Source Weekly (SW): "What are two or three of the biggest trends in wedding catering right now in Central Oregon?"
Chef Bette (CB): "People are using heritage dishes from their backgrounds and in conjunction with regional foods. For example, many brides from the region like to incorporate Pacific Northwest cuisine. Another new trend is offering a specialty ingredient, such as specialty salts. We use Jacobsen Salt Company from Oregon, which has specialty salts such as pinot noir salt and vanilla bean salt. There are various fun ways to make a dish a signature dish. Another growing trend is creating a food experience with guests participating in an interactive experience, such as build-your-own tacos or a crostini bar. New young brides want things to be very different from what their parents had."
SW: "Could you describe your passion for fresh, local, organic, seasonal and sustainable?"
CB: "This is the whole basis of our business. We make it a point to buy from farms and ranches in the area. Some brides are requesting to use food from Community Supported Agriculture (CSA). We only cook seasonally. For example, we don't use tomatoes in winter, which would come from out of state."
SW: "What are the catering price ranges to anticipate when planning?"
CB: "The price stays consistent throughout the seasons and ranges from 20 to 30 dollars per person. This is separate from the bar, cake and rental costs. It's important to have a tasting and to make sure everything is in the contract, so the bride and groom understand what the expenses are. They can manage the catering budget by managing the headcount."
SW: "How important is presentation with wedding catering and what are brides interested in right now?"
CB: "Presentation is everything. People eat with their eyes first.

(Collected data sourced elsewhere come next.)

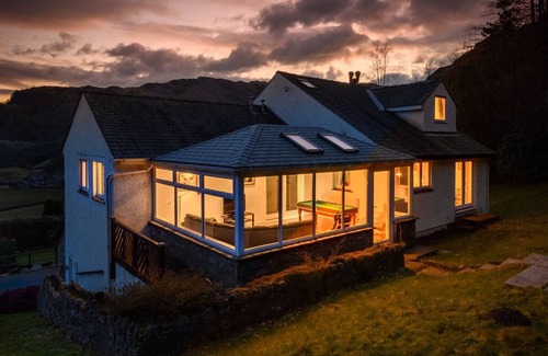 In a beautiful setting on the side of the fell, Spedding Fold is a very special place to enjoy a holiday in the Lakes with family or friends. Its facilities include a pool table and table tennis table with storage for bikes and canoes in the garage. Ambleside and Grasmere are just a short drive away but there are many walks to enjoy from the property with the garden and patio providing the perfect place to return to after a busy day. Size: Sleeps 10, 5 bedrooms Nearest amenities: Less than 1 mile Pets:3 Pets allowed at an additional cost Short breaks: Available at this property Smoking: No smoking at this property Rooms: 5 bedrooms, 3 bathrooms, 4 wc's, lounge, dining room, kitchen, conservatory Beds: 3 double beds, 4 single beds Luxuries: Games room General: Central heating, open fire, 3 TV's Utilities: 2 ovens and hobs, fridge, freezer, dishwasher, washine machine, tumble dryer Standard: Kettle, toaster, iron Other: Bed linen and towels provided, WiFi Outdoors: Garden, patio Parking: Parking on driveway for 4 cars You may need to pay an Accidental Damage Deposit or Accidental Damage Deposit Waiver for this property. Where applicable we will contact you in good time before your holiday with further details and to take payment. Please note: Hen/Stag parties are not permitted at this property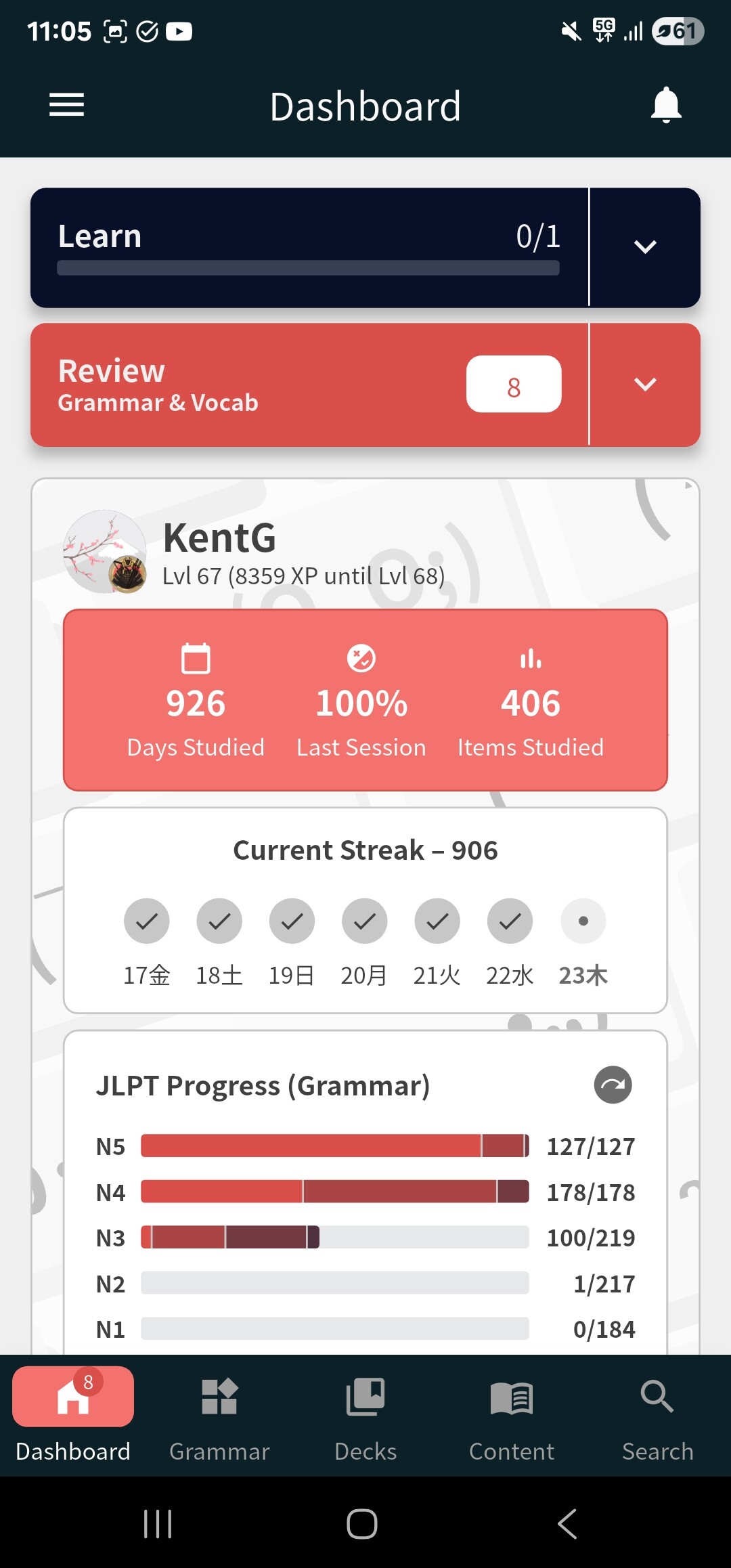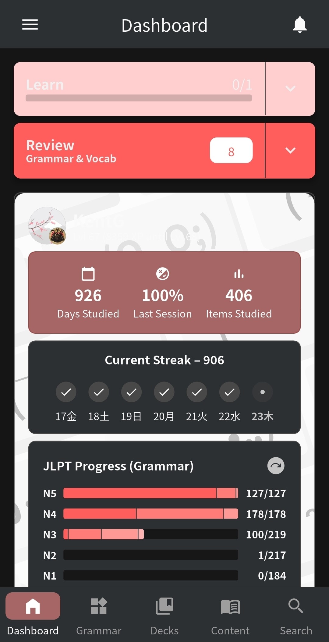 It’s not really a bug but 忘年会 bounenkai seems to have two different entries in Bunpro, one with example sentences included in the N4 deck and another without that has E1 as a tag.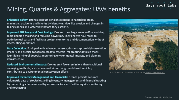 UAVs have become a staple in mining operations. The Drone for Mining Market was worth $1.18B in 2023 and is expected to reach $5.54B by 2030, with a projected CAGR of 22.6% from 2024 to 2030.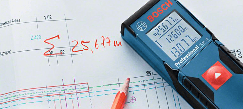 В строительстве лазерный дальномер часто используется для измерения расстояния до стен и порогов. С его помощью можно также вычислять площади помещений. Прибор нужно установить на нужную опцию, установить на рабочей поверхности и направить лазер на интересующий объект, например, противоположную стену. Для получения более точных показаний дальномер необходимо устанавливать строго перпендикулярно. Для облегчения этой задачи в строительных лазерных измерителях имеется специальный уровень с пузырьком.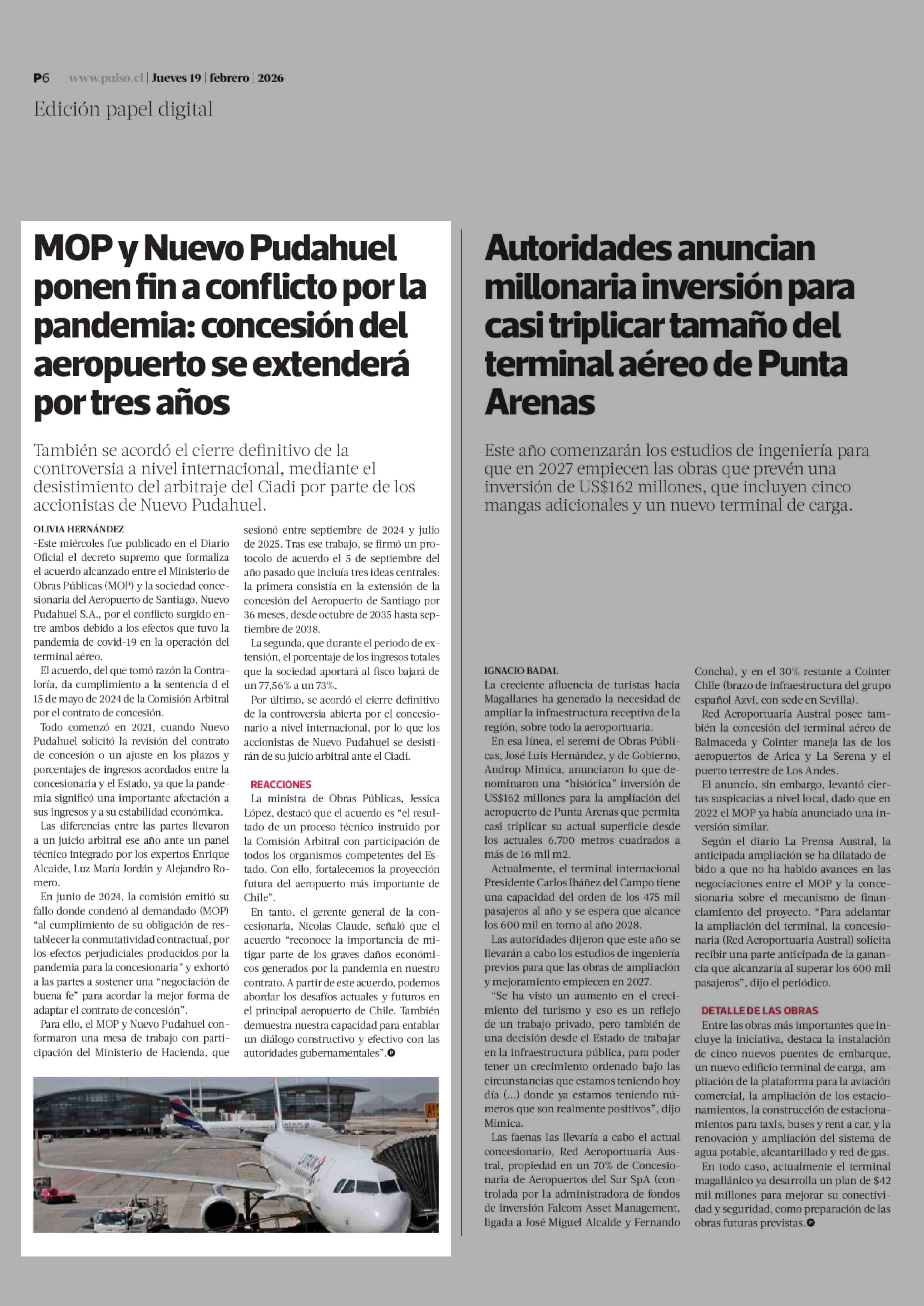 Título: MOP y Nuevo Pudahuel ponen fin a conflicto por la pandemia: concesión del aeropuerto se extenderá por tres años
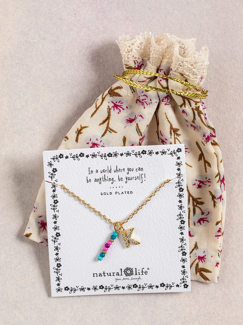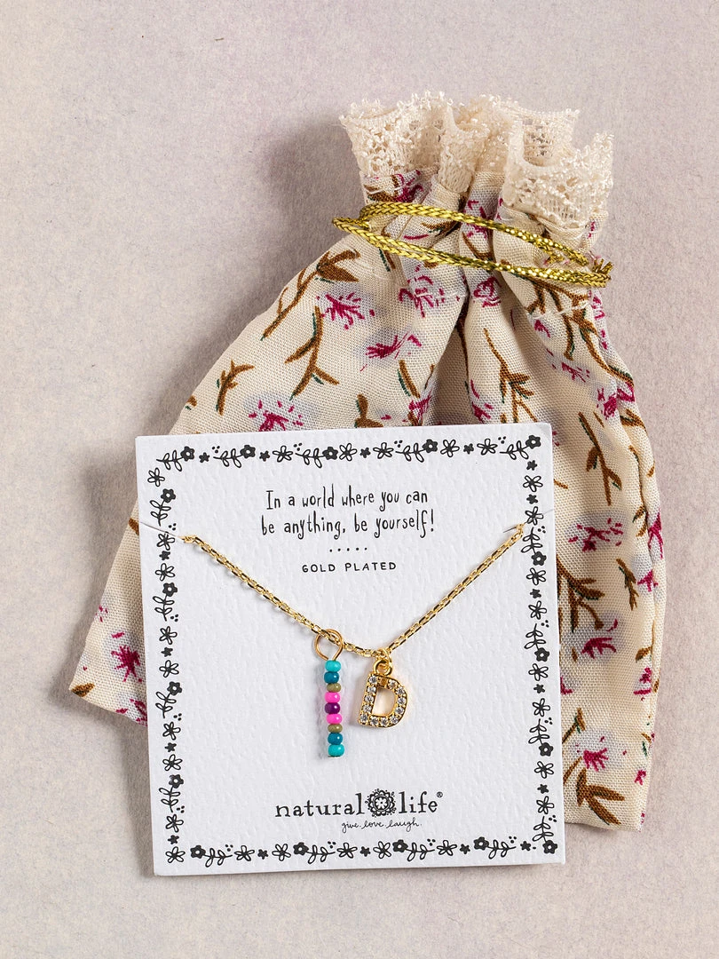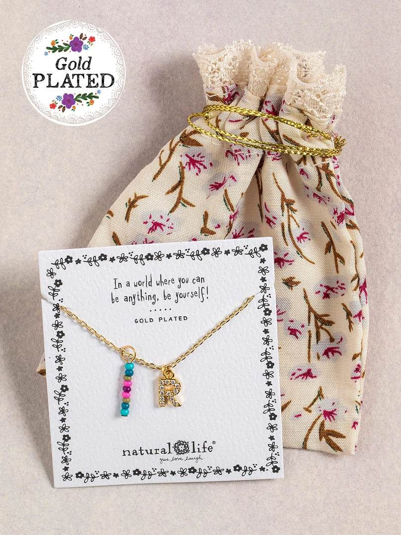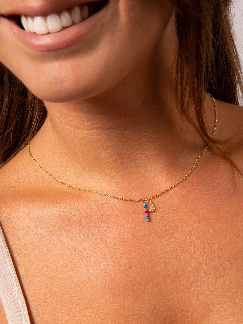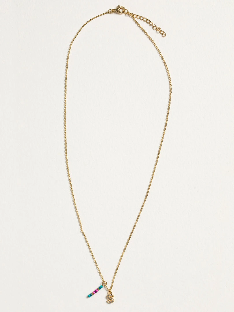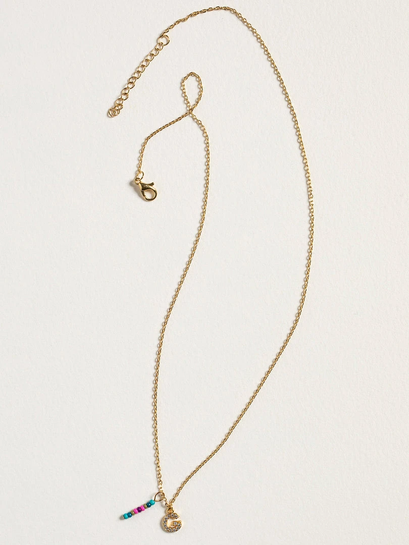 Personalized gifts are the best for giving! This necklace features a single gold-plated initial charm with tiny rhinestones and a colorful hand-beaded charm to add to its touch of personalization. It comes in the prettiest givable bag and can adjust up to 19 inches in length, making it great for wearing alone or with our other necklaces for a layered look!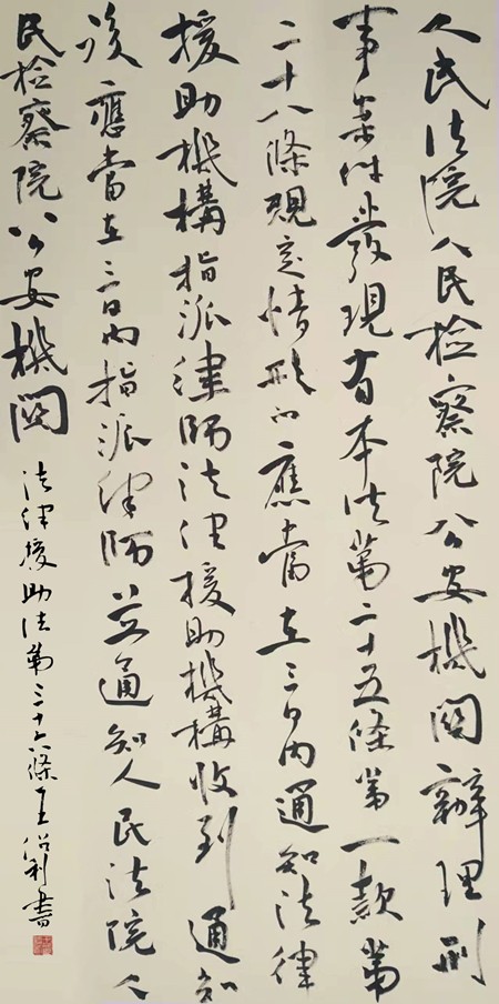 “書·法”活動旨在為創(chuàng)新法治宣傳教育,多開一點腦洞、多花一點心思、多出一點力量、多做一點貢獻,引領(lǐng)和推動更多的人拿起筆來學(xué)法、寫法,在不斷“書·法”過程中,提升自身的法治素養(yǎng),在全社會弘揚法治精神。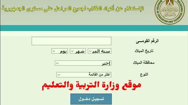 رابط الاستعلام مباشرة عن أكواد الطلاب 2021| بالرقم القومي لجميع المراحل studea.emis.gov.eg 22/12/2020 05:36 م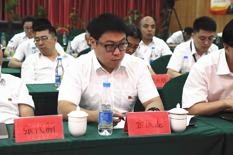 省国资委党委主题教育企业巡回指导组成员金庆龙莅会指导。公司党委副书记、副董事长张代新主持。

There are some different ways that people may be seated, such as long-wide tables, U-shaped tables and S-shaped tables. Some brides choose for the food to be served family style, with dishes placed on the table."
SW: "Looking forward, are there any trends on the horizon that are just beginning?"
CB: "One of the newest trends is donuts and there are very creative ways to display them. Craft cocktails are sweeping the nation and moving into weddings, too. Also, naked cakes, which are cakes without frosting are becoming popular."
Chef Bette adds that a lot of brides are looking to brunches, which are increasingly popular, opting for delicious breakfast food served with champagne. It can be a cost-saver, but it depends on the menu and what the couple wants.